*RECORDED DATA*

----

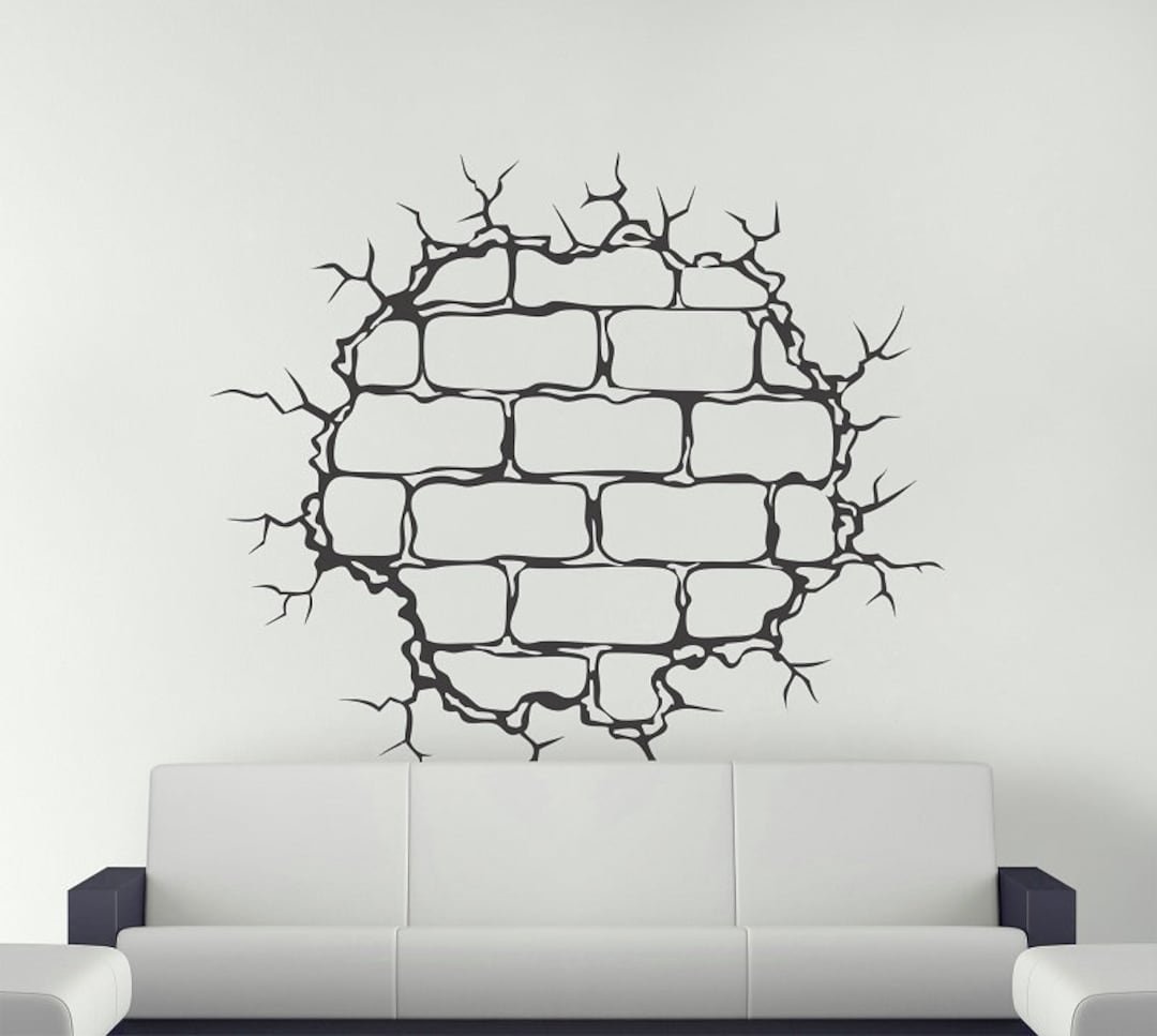 Wall Decal Brick Wall Crack Hole Pattern Decor Destruction Vinyl Decal ...
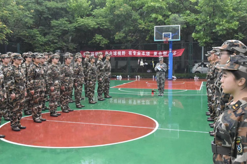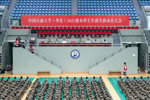 清晨,同学们接到指令,到体育馆有序就坐,参与军训动员大会。大会上,校领导和教官代表们的讲话激发了同学们参与军训的积极性。
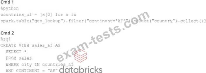 A junior member of the data engineering team is exploring the language interoperability of Databricks notebooks. The intended outcome of the below code is to register a view of all sales that occurred in countries on the continent of Africa that appear in the geo_lookup table.
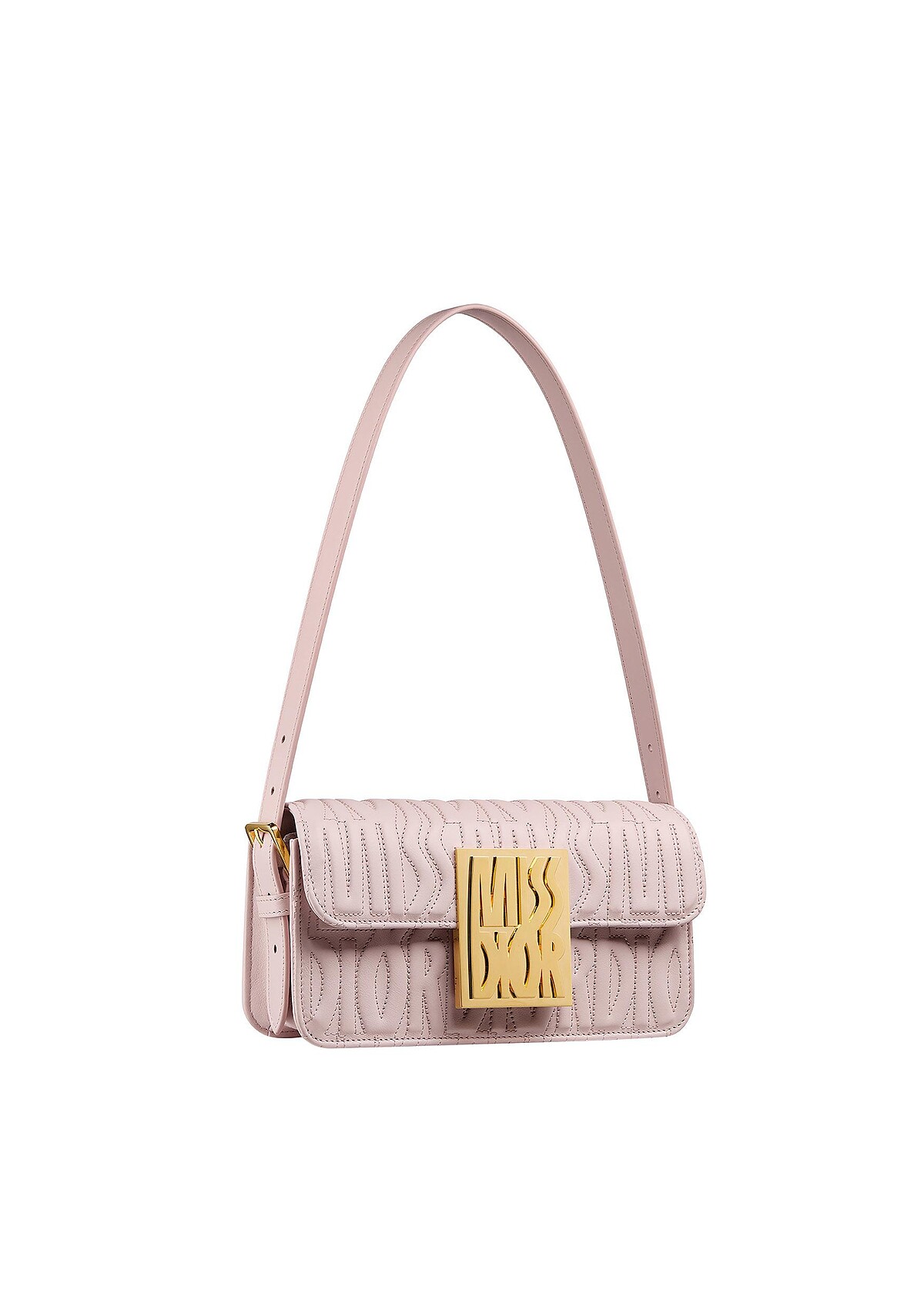 玫粉色 MISS DIOR ALLOVER 浮雕小牛皮提包。

----

*WORK TASK*
The line containing "A junior member" and every line after it, up to the last line of the data, should be returned exactly, without the pictures.

*COMPLETED TASK*
 A junior member of the data engineering team is exploring the language interoperability of Databricks notebooks. The intended outcome of the below code is to register a view of all sales that occurred in countries on the continent of Africa that appear in the geo_lookup table.
 玫粉色 MISS DIOR ALLOVER 浮雕小牛皮提包。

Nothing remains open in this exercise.